(Task requirements) If an entry holds a picture, leave that picture out. Give everything else again exactly.

Segment Start: Extracted information

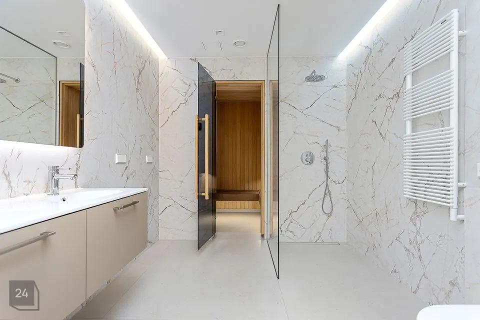 Teisel tasapinnal asuvad 2 pesuruumi (sh vanniga vannituba), saun ning kolm magamistuba. Peamisest magamistoast on pääs suurele päikeselisele rõdule.
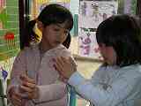あやとりの指導中、小さい子との関わりの中で、思いやりの心も育ちます。
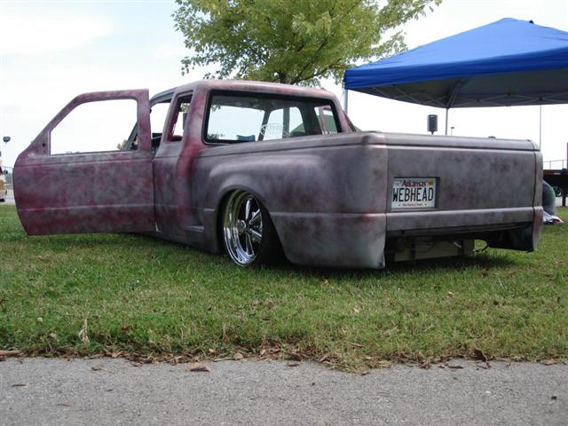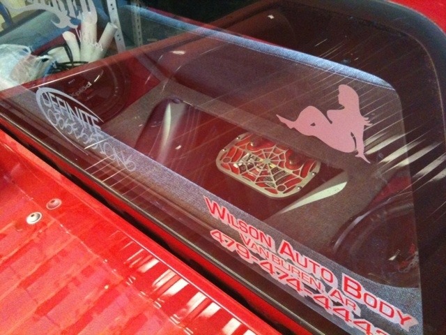 CLEAR REAR WINDOWS SWAP, ONE-OFF LASER CUT SPIDERWEB GRILL, CLEAR FRONT CORNER LENSES, STREET SCENE MIRRORS, EDGE FRONT BUMPER WITH LICENSE PLATE HOLES SHAVED, EDGE VALANCE AND FOG LIGHTS, FLARESIDE BED SWAP, SHAVED AND RELOCATED GAS DOOR, SHAVED TAIL LIGHTS WITH LEDs UNDER THE TAILGATE,SHAVED COWL, SHAVED FENDERS, RAISED BED FLOOR 8.5", SHAVED AND RELOCATED TAILGATE HANDLE, SHAVED TAILGATE EMBLEM, ONE OFF BILLET WEBBED STEPSIDE STEPS, 35X35 STREETBEAT CANAVAS RAGTOP, SHAVED FENDERS, SHAVED DOOR HANDLES, SUICIDE DOORS, SHAVED CAB SEAMS, SHAVED CAB WALL, 60 CHEVY TRUCK FRONT BUMPER NARROWED 15" FLIPPED AND SHAPED TO BEDSIDES, REPAINTED AT WILSON AUTO BODY IN VAN BUREN, AR.
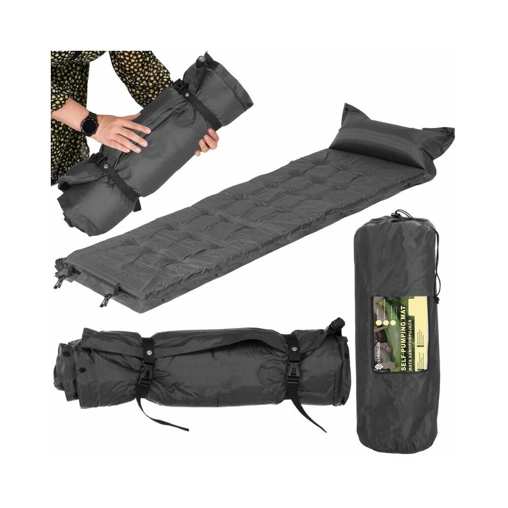Samonafukovací karimatka s polštářem 193x68x3,5 cm, šedá SPRINGOS PHOENIX
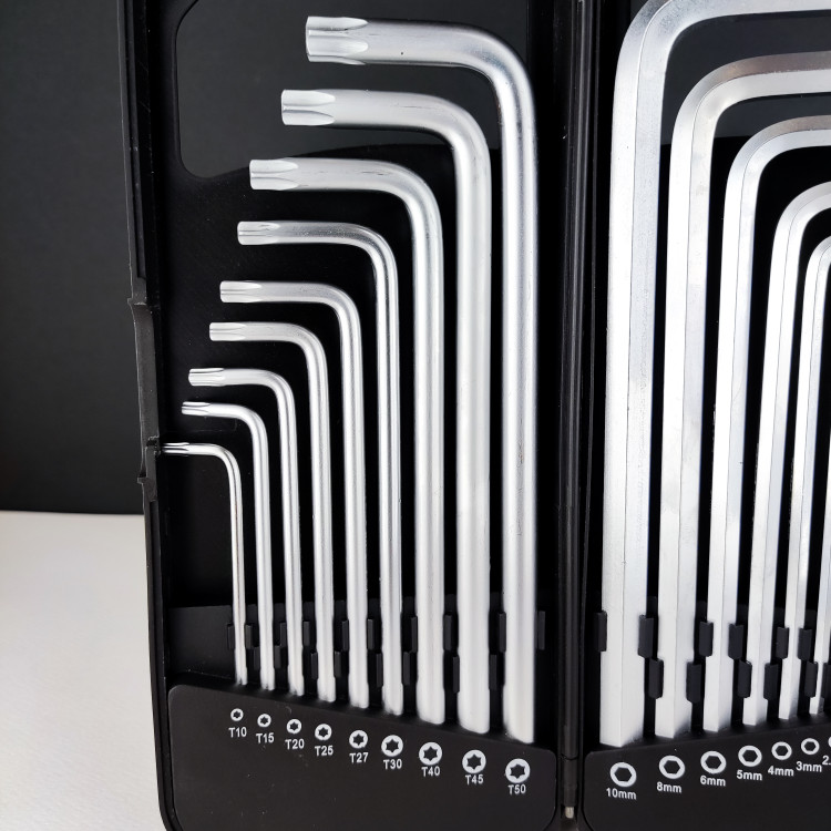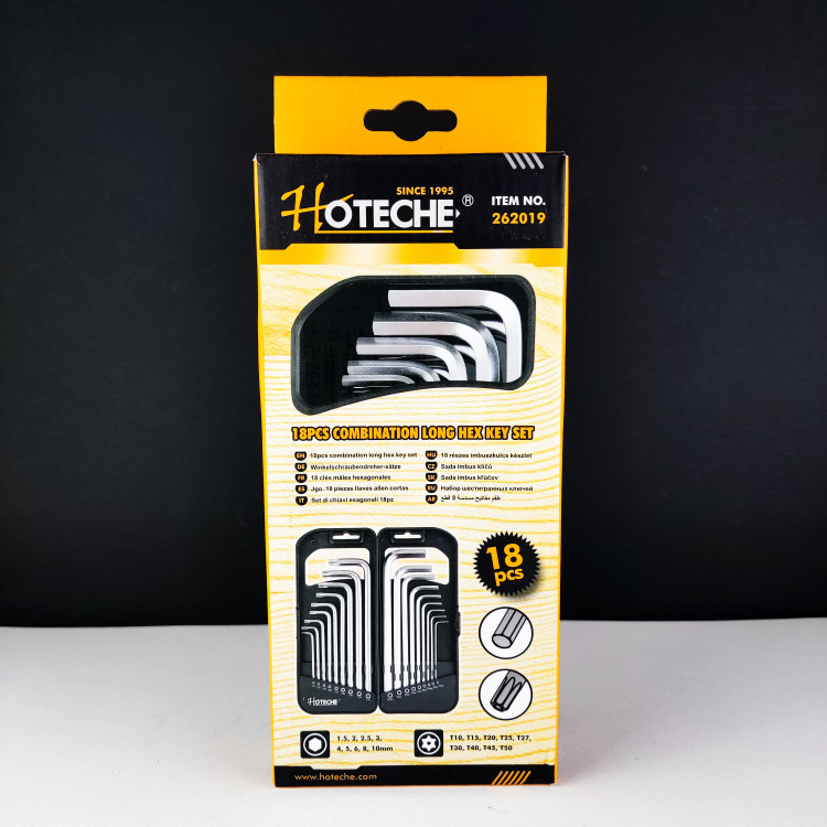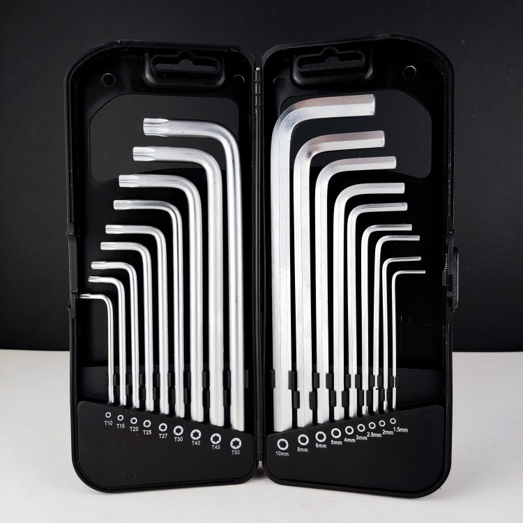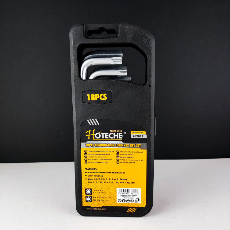 مجموعه 18 عددی آچار ستاره و آچار شش گوش دسته بلند جنس:Cr-V شامل : 9 عدد آچار شش گوش یا ال از سایز 1.5 تا 10 میلی متری 9 عدد آچار ستاره گوش یا تی شکل از سایز T10 تا T50
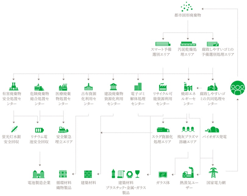 資源循環(huán)利用基地(統(tǒng)合資源リサイクル施設)はスマートシティ構築の重要機能區(qū)畫であり、都市廃棄物管理の精密化レベル向上と廃棄物処理施設の『NIMBY(Not In My Back Yard)問題』解消に決定的な役割を果たします。

Segment End: Extracted information

(Problem solution)
 Teisel tasapinnal asuvad 2 pesuruumi (sh vanniga vannituba), saun ning kolm magamistuba. Peamisest magamistoast on pääs suurele päikeselisele rõdule.
あやとりの指導中、小さい子との関わりの中で、思いやりの心も育ちます。
 CLEAR REAR WINDOWS SWAP, ONE-OFF LASER CUT SPIDERWEB GRILL, CLEAR FRONT CORNER LENSES, STREET SCENE MIRRORS, EDGE FRONT BUMPER WITH LICENSE PLATE HOLES SHAVED, EDGE VALANCE AND FOG LIGHTS, FLARESIDE BED SWAP, SHAVED AND RELOCATED GAS DOOR, SHAVED TAIL LIGHTS WITH LEDs UNDER THE TAILGATE,SHAVED COWL, SHAVED FENDERS, RAISED BED FLOOR 8.5", SHAVED AND RELOCATED TAILGATE HANDLE, SHAVED TAILGATE EMBLEM, ONE OFF BILLET WEBBED STEPSIDE STEPS, 35X35 STREETBEAT CANAVAS RAGTOP, SHAVED FENDERS, SHAVED DOOR HANDLES, SUICIDE DOORS, SHAVED CAB SEAMS, SHAVED CAB WALL, 60 CHEVY TRUCK FRONT BUMPER NARROWED 15" FLIPPED AND SHAPED TO BEDSIDES, REPAINTED AT WILSON AUTO BODY IN VAN BUREN, AR.
Samonafukovací karimatka s polštářem 193x68x3,5 cm, šedá SPRINGOS PHOENIX
 مجموعه 18 عددی آچار ستاره و آچار شش گوش دسته بلند جنس:Cr-V شامل : 9 عدد آچار شش گوش یا ال از سایز 1.5 تا 10 میلی متری 9 عدد آچار ستاره گوش یا تی شکل از سایز T10 تا T50
 資源循環(huán)利用基地(統(tǒng)合資源リサイクル施設)はスマートシティ構築の重要機能區(qū)畫であり、都市廃棄物管理の精密化レベル向上と廃棄物処理施設の『NIMBY(Not In My Back Yard)問題』解消に決定的な役割を果たします。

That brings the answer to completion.